Lawyers are trying to address buyers’ and sellers’ doubts by including terms that cater for the effect of covid-19 in contracts. Diban says these include the possibility for a party to opt out of a deal in the event the pandemic prevents the buying party from obtaining finance. Another example is the addition of clauses addressing the effect of the crisis on the target’s price.
But it is debatable how much such clauses can relieve all the concerns buyers and sellers face. Among these are changes in the terms and conditions for acquisitions, face-to-face meetings being cancelled, banks operating more slowly than usual and certain industries finding it hard to access finance.

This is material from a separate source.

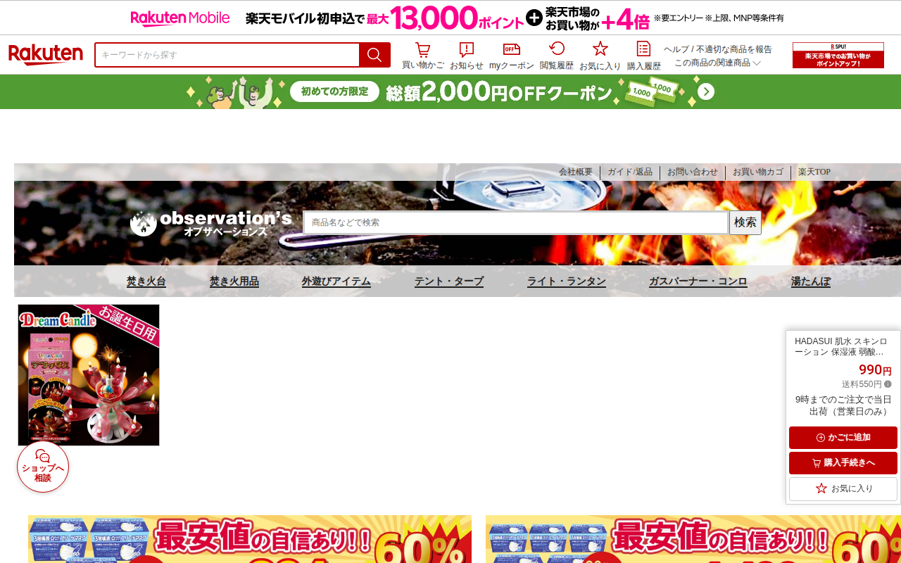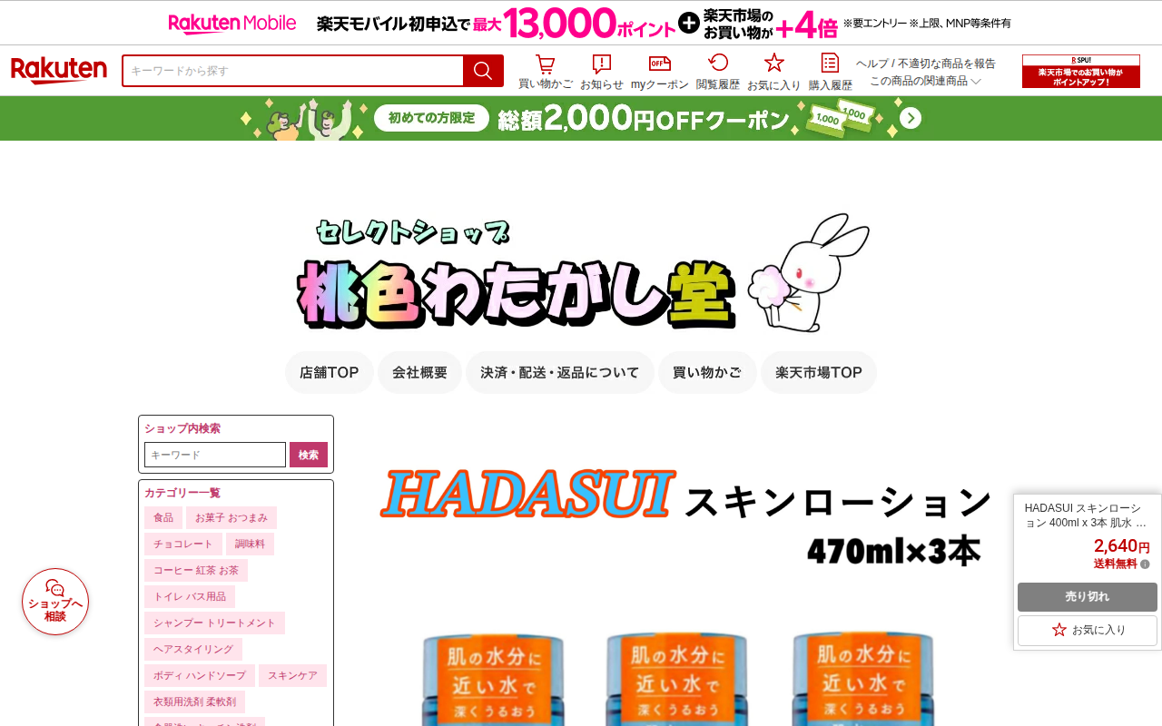 このページは、楽天市場で販売されているHADASUI肌水スキンローション400mlの商品ページです。価格は990円で送料550円。弱酸性の保湿化粧水で、無香料・無着色・アルコールフリーが特徴。肌のミネラルバランスに近いミ...

Independently of all the possible solutions on the table, the crisis has undoubtedly changed the deal-making landscape from day to night. The pandemic has had a “dramatic effect on our M&A work,” says Payet Rey’s partner José Antonio Payet.
Deal-making is just one of the areas affected by the covid-19 pandemic. Many lawyers are confident that economies will recover rapidly once the crisis is sorted, but at the moment there are heavy clouds on the horizon. The silver-lining? (Because there is always one or two). Demarest's Giantomassi says online meetings tend to be more efficient than face-to-face ones. “Some meetings that used to be quite long are now taking just a few minutes; we have a call and a video-conference and everybody is straight to the point and we wrap it up much more quickly.”